• Source records:
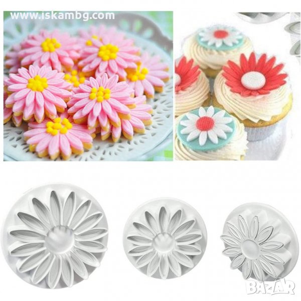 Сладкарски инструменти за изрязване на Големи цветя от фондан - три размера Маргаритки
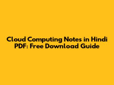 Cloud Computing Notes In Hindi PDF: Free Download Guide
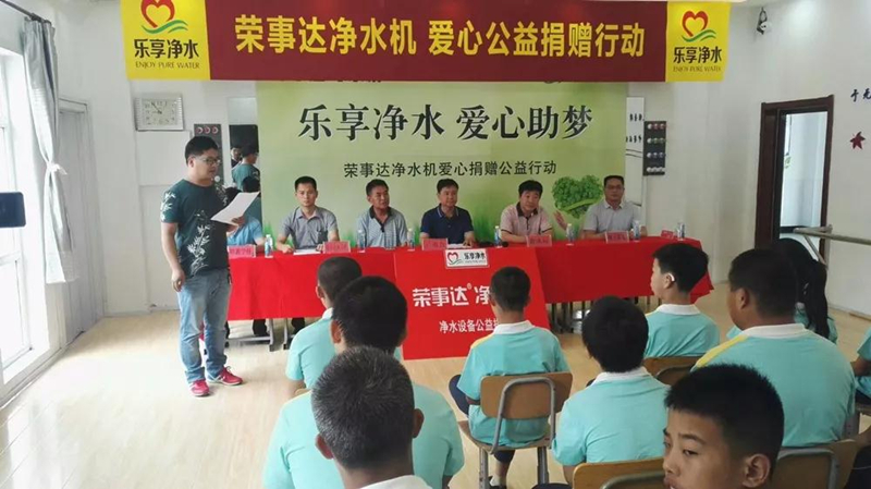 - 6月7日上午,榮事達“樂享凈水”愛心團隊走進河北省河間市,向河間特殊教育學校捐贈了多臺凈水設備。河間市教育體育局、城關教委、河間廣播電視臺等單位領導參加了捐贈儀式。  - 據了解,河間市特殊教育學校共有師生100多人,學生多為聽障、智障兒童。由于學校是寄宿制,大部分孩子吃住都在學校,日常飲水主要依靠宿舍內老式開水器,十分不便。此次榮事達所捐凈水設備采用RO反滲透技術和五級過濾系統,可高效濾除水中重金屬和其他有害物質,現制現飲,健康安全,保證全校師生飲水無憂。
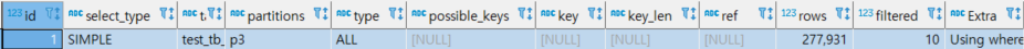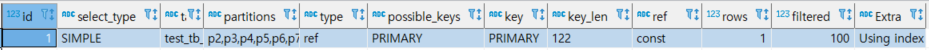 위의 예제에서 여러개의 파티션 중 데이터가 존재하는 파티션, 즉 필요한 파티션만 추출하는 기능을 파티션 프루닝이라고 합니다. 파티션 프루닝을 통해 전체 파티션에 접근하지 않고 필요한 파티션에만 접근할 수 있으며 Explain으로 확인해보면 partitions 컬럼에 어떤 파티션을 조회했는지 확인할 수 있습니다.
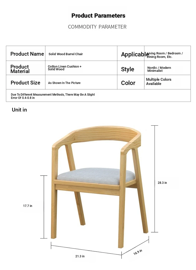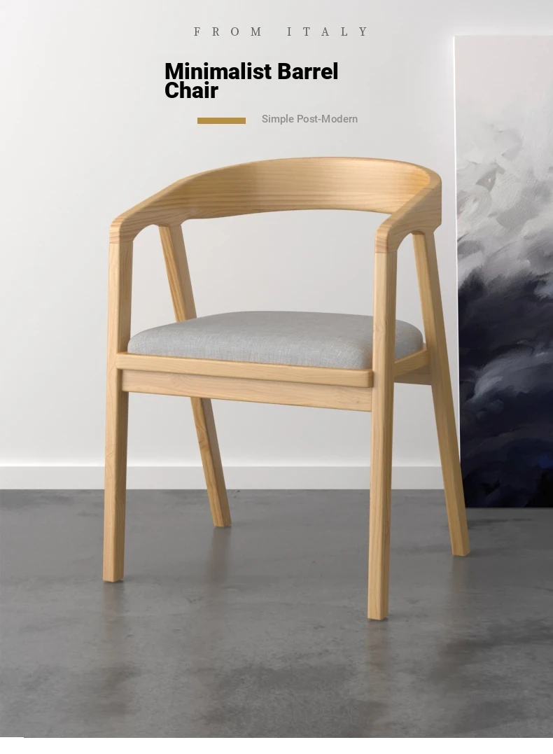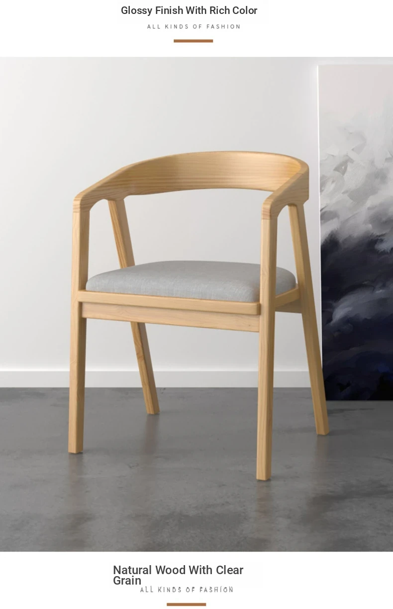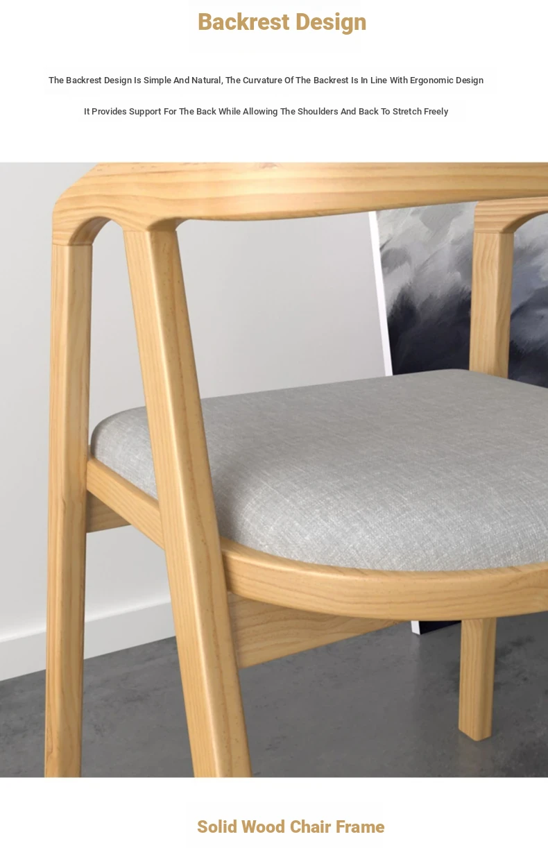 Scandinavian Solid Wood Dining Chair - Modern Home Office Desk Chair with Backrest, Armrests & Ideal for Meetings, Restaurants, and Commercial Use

• What the exercise asks: Set down the lines from the one containing "위의 예제에서 여러개의" through the last line of the records above, both included, exactly as they appear and with no other text. Pictures should not be set down.

• Result of this exercise:
 위의 예제에서 여러개의 파티션 중 데이터가 존재하는 파티션, 즉 필요한 파티션만 추출하는 기능을 파티션 프루닝이라고 합니다. 파티션 프루닝을 통해 전체 파티션에 접근하지 않고 필요한 파티션에만 접근할 수 있으며 Explain으로 확인해보면 partitions 컬럼에 어떤 파티션을 조회했는지 확인할 수 있습니다.
 Scandinavian Solid Wood Dining Chair - Modern Home Office Desk Chair with Backrest, Armrests & Ideal for Meetings, Restaurants, and Commercial Use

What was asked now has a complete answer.